Training for Teaching Assistants at Duke

Learning to teach is an important part of the education of our mathematics graduate students and being a teaching assistant is an important part of both their professional development and financial support. Mathematics graduate students typically begin their teaching responsibilities during their first year of graduate study when they serve as lab assistants and work in the help room. Beginning in their second year, they teach their own section of 20-35 students, typically a calculus class meeting 3 hours a week, with a weekly laboratory session supervised by two teaching assistants. The teacher training program for graduate students has been ongoing since fall, 1987. The program is coordinated by Jack Bookman, a full-time instructor in the mathematics department, in consultation with the Director of Graduate Studies and the Supervisor of First-year Instruction.

During the week before classes begin in the fall, the graduate students who will be serving as lab assistants participate in a week-long workshop led by Lewis Blake, Supervisor of First-year Instruction. In this workshop the participants are introduced to Duke's laboratory calculus course. This workshop is designed to enable graduate students to begin their work as lab assistants.

During their first year of graduate study, all graduate students participate in a weekly teaching seminar led by Jack Bookman. There are two related purposes of the seminar: (1) to prepare the graduate students to teach introductory calculus courses here at Duke and (2) to introduce the graduate students to some of the educational issues that they will need to know about and act on if they are to become effective college mathematics faculty. The activities of the seminar include:

  1. A discussion of what constitutes good teaching and how undergraduates learn mathematics.
  2. Observations of lessons taught by experienced teachers.
  3. Discussion of observations.
  4. How to organize lessons: planning, time management, homework .
  5. Overview of content of our Calculus courses with emphasis on what students find difficult.
  6. Making up hour exams.
  7. Grading exams.
  8. Current issues in undergraduate mathematics education.
  9. Meeting of first-year graduate students with the graduate students teaching for the first time to discuss the problems of first year teachers.
  10. Office hours, how to start the semester, rules and regulations, services available to freshmen.
  11. Presentation of a 15-minute practice lesson.
  12. Two lectures given to real calculus classes. These presentations are observed by the department's coordinator of teacher training or a faculty member designated by him.

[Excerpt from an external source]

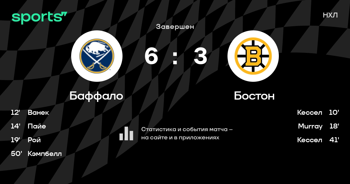В прошедшем матче в рамках турнира НХЛ состоялась встреча команд Баффало - Бостон в городе Баффало (США) на стадионе KeyBank Center (вместимость - 18690) со счетом 6 : 3.

There is a follow-up discussion. and when possible, the students who were taught by the graduate student complete a short evaluation consisting of three questions: What was best about the instruction?; What was worst?; What would be one suggestion you would make to the TA to improve the TA's teaching?

Most of our graduate students begin teaching their own classes (usually a section of Calculus I or II) during the fall of their second year. During the semester that a graduate student begins teaching his or her own classes, they are observed twice--once during the second week and once during the third week. These observations are followed up with a discussion. The observations are made by various regular rank, tenured faculty and by full time instructors. If the quality of teaching is satisfactory, no more observations are made, but if problems are perceived, another observation will be made to see if the suggestions are being implemented. At the end of that first semester of teaching and after the graduate student reads his or her students' Teacher-Course Evaluations, the graduate student will write a self-evaluation describing his or her perceived strengths and weaknesses and discussing ways to improve. The Teacher-Course Evaluations and the self-evaluations serve as the basis for a discussion between the new teacher and the coordinator of teacher training. If there are no major problems, this point marks the end of their training. If problems are evident, a program is designed to help that individual graduate student improve his or her teaching.